In Berlin-Zehlendorf, within the historically significant ensemble known as “Sommerfelds Aue”, stands a remarkably rare architectural artifact of early modernism: one of the first residential structures designed by Richard Neutra. These buildings constitute some of the very few examples of Neutra’s formative European oeuvre and thus occupy a crucial position in the trajectory of his subsequently celebrated international career.
The houses originated within the framework of the “Sommerfelds Aue” development, an ambitious and conceptually progressive residential project initially planned to comprise twelve single-family dwellings. Ultimately, only four of these buildings were realized – one of which is now being offered for sale.
From an architectural standpoint, the structure exhibits pronounced affinities with the Viennese Modernist tradition, reflecting in particular the theoretical and formal influence of Adolf Loos, under whom Neutra received decisive intellectual impetus during his studies in Vienna. The building’s restrained formal vocabulary, its disciplined spatial organization, and its renunciation of ornamentation exemplify the rationalist and anti-decorative principles central to Loos’s architectural doctrine.

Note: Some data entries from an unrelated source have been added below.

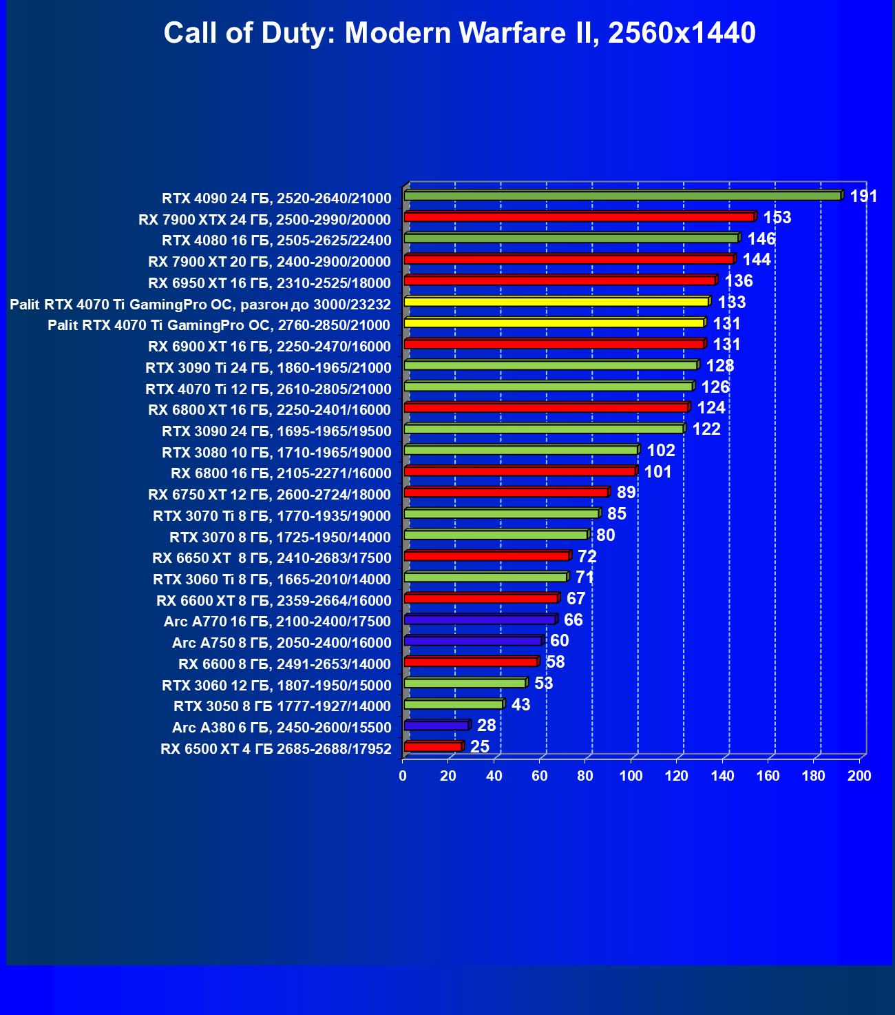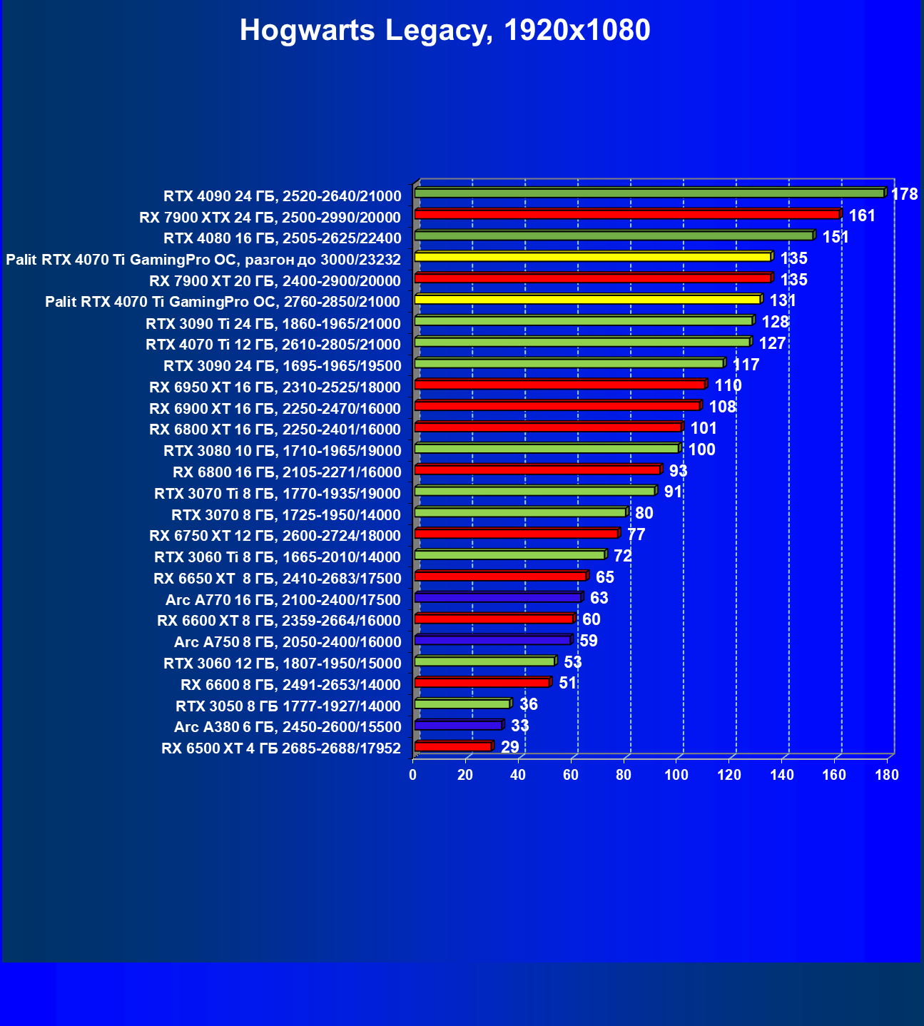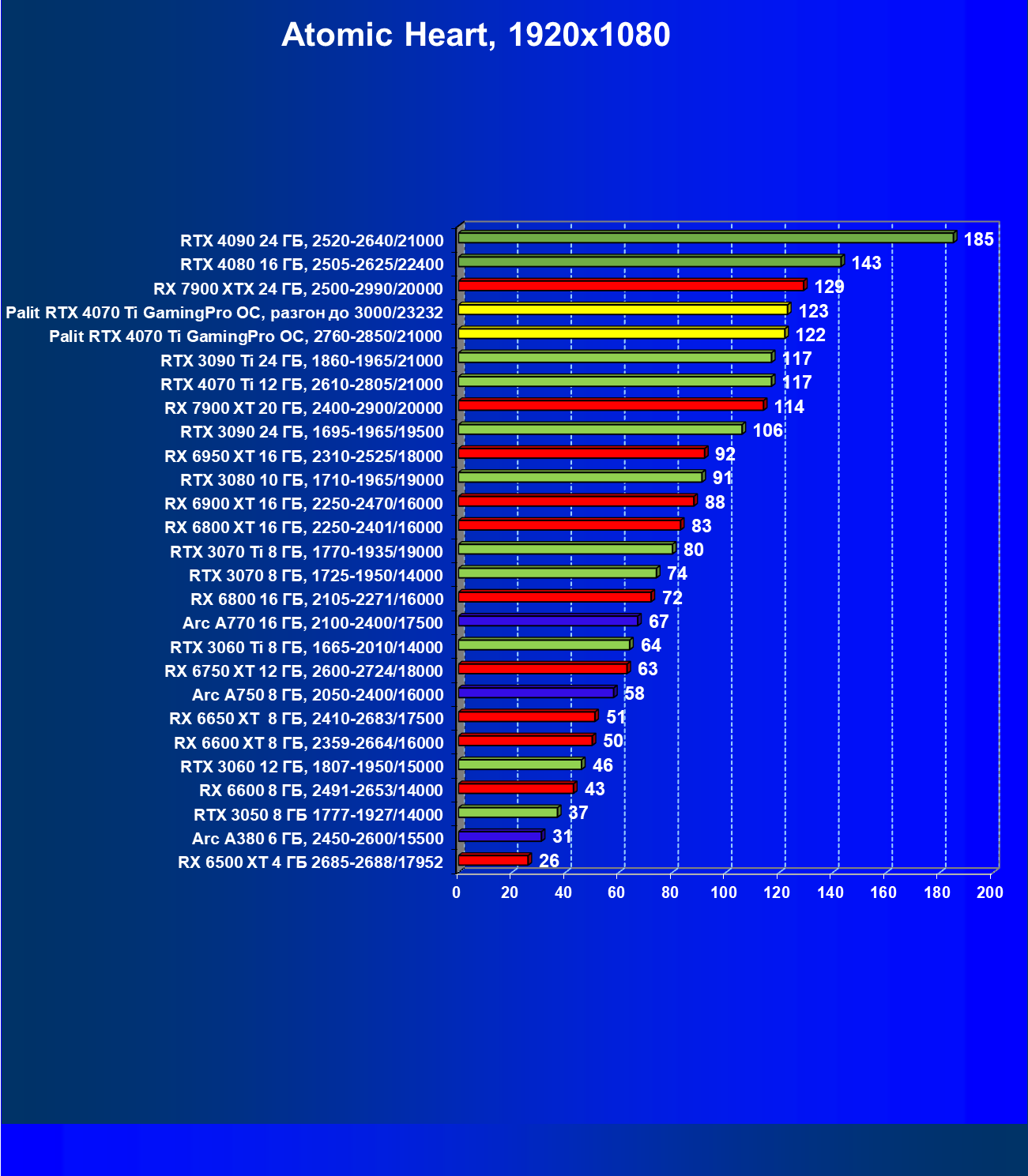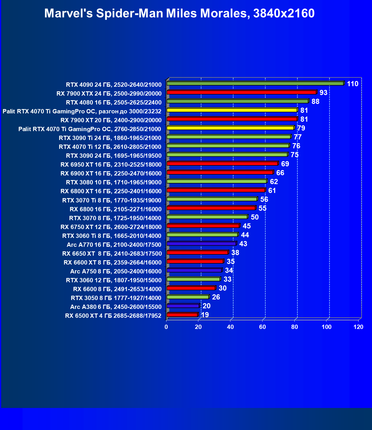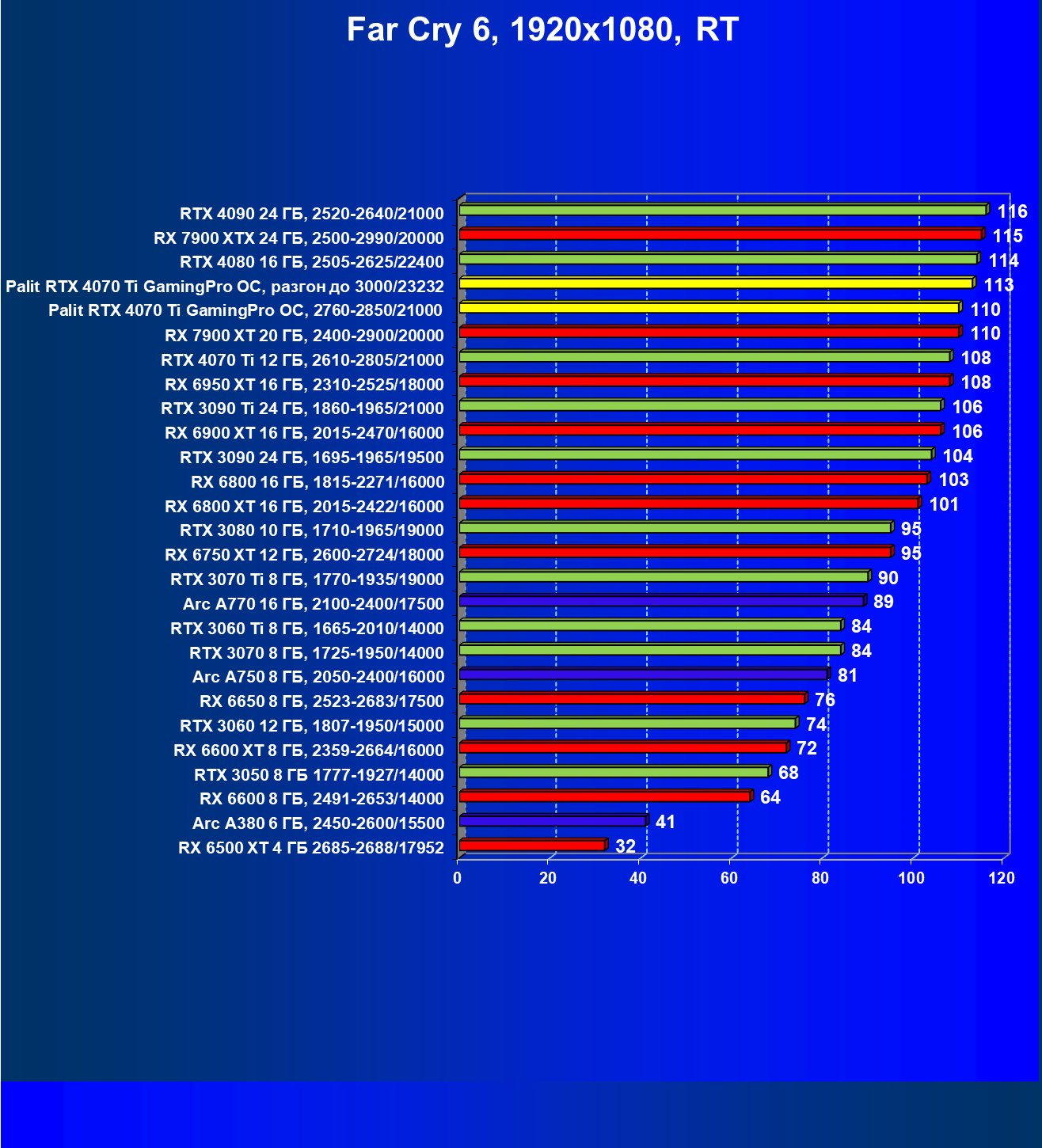 | 05 | Palit RTX 4070 Ti GamingPro OC, 2760—2850/21000 | 127 | 981 | 77 000 |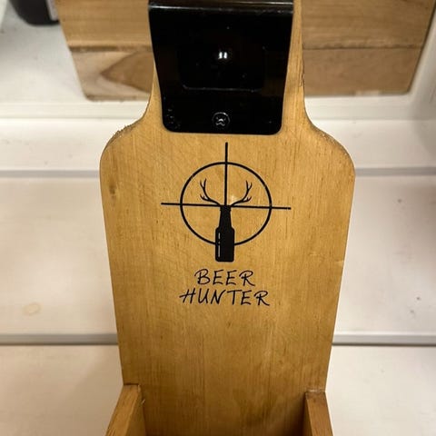Koriste koostuu puupohjasta, johon on kiinnitetty erilliset kirjaimet muodostamaan sana "HOME".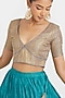 Featuring a blue choli in silk chanderi base with a deep v-neckline, side zip, gota piping detail and gota work. Style it with a lehenga, statement jewellery and heels for a sangeet, wedding or engagement ceremony.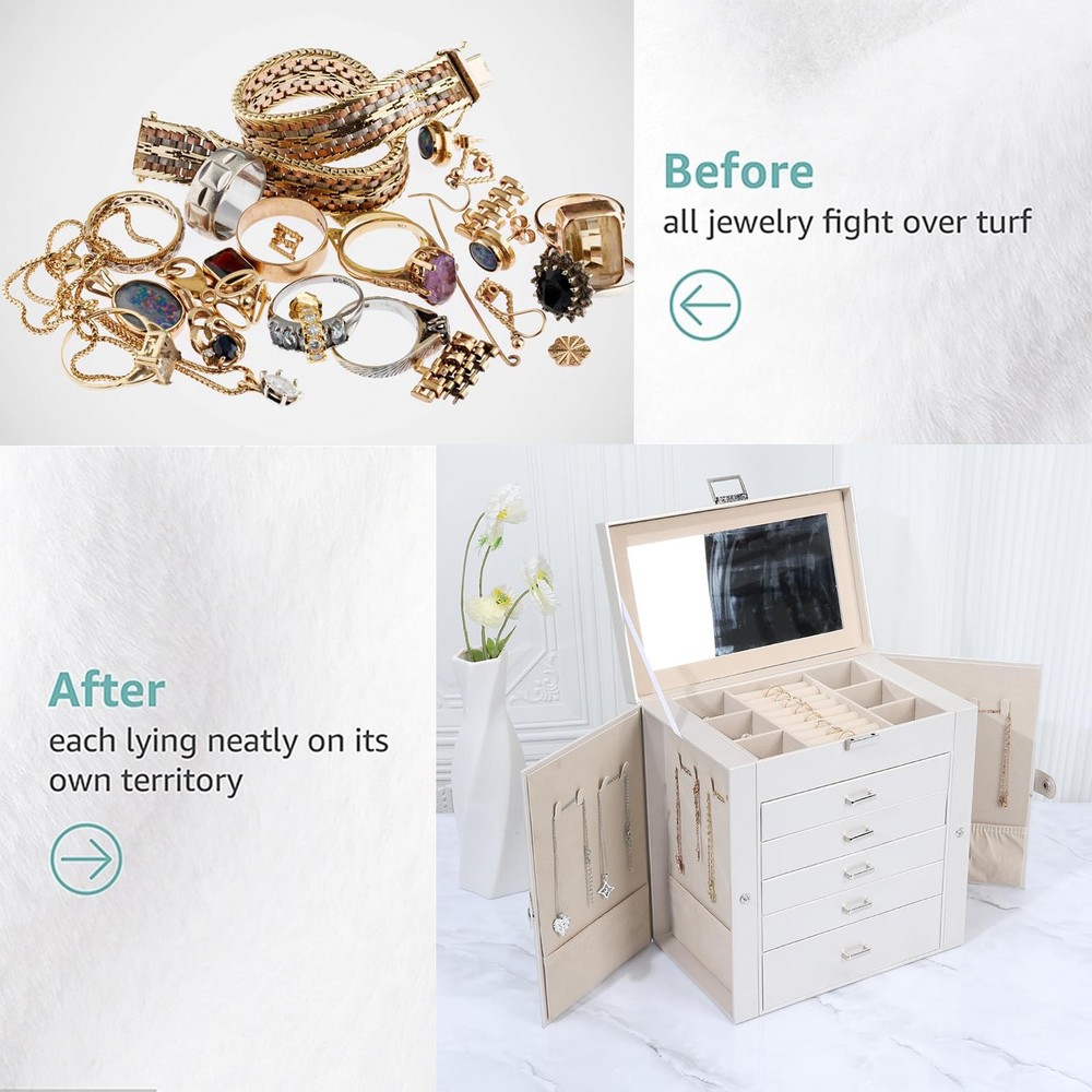 This is a high-capacity necklace, earrings, rings, bracelets, bracelets, watch jewelry collection box materials: the main body is MDF laminated PU leather, the interior is granular flannelette; appearance: 6 layers plus 5 drawers, there are two side doors (we call them double doors) on the left and right: A, the first floor has a mirror on top for makeup or earrings, and a row of sponge slots at the bottom for rings, the left and right sides have 6 grooves for various earrings or bracelets, etc. B, there are 5 layers of drawers below 36 large and small grooves suitable for storing earrings, pendants, bracelets, watches, hairpins, sunglasses, etc. . C, the left and right side of the door can hang 16 necklaces, elastic bands can also be used to hang many pendants Product parameters: Product name: double door & 6 drawers jewelry storage box, material: pu leather++ flannel, packing: 1 pack of desiccant/single PE bag/packing box, size: 10.6''*6.6''*11.02'' , Weight: 6.063 lbs UNIQUE DESIGN:Earring Jewelry Organizer boasts a unique , beautiful and a more convenient design than the other jewelry boxes out there. Our talented team of designers have worked hard to produce the perfect balance of modern ,sophistication, beauty and class to create this unique box with its gorgeous large mirror and attractive metal buckle. Unlike others our box possesses a magnetic snap that can be easily opened and closed with one hand for easy use. GIFT BOX & BLANK CARD - An elegant gift box and blank card is included with each Jewelry box for the most presentable gift giving. This makes a great gift for a mother, girlfriend , wife, daughter, colleague, friend or any other special woman in your life. This jewelry box for women is an ideal gift for Valentine's Day, Mother's Day, Thanksgiving, Christmas, birthdays and weddings. The high-grade jewelry storage containers is a good gift for women, girls, mothers, wives. If you have any questions about the product, click on the seller's name behind "sold by" at the bottom of the shopping cart, you can get help at any time. The large jewelry box includes earring boards, ring card slots, watch pillows and large drawers for glasses storage. Watches, necklaces, earrings, brooches, hair accessories, sunglasses, etc. can all be stored independently. Some partition boards can be moved and disassembled, and the flexible design allows you to adjust it according to your personal needs.

Concurrently, the house manifests traces of Neutra’s early professional engagement in the Berlin office of Erich Mendelsohn, where he contributed to pioneering works of expressionist architecture. The synthesis of these influences – Loos’s austere functionalism and Mendelsohn’s dynamic spatial plasticity – endows the building with an architectural depth and complexity that exceeds its modest scale.
Today, the villas in “Sommerfelds Aue” are regarded as a significant cultural and architectural monument, marking the inception of Neutra’s mature design philosophy. It stands as an emblematic artifact of the transitional period in which European modernism moved toward a more rigorously functional, materially honest, and spatially articulated architectural language. As such, it constitutes a rare and invaluable document of Berlin’s architectural history in the 1920s.
For scholars and connoisseurs of modern architecture, cultural heritage, and historically significant residential design, this house represents not merely a dwelling but a primary architectural source – an embodiment of the intellectual and artistic conditions under which modernism was forged.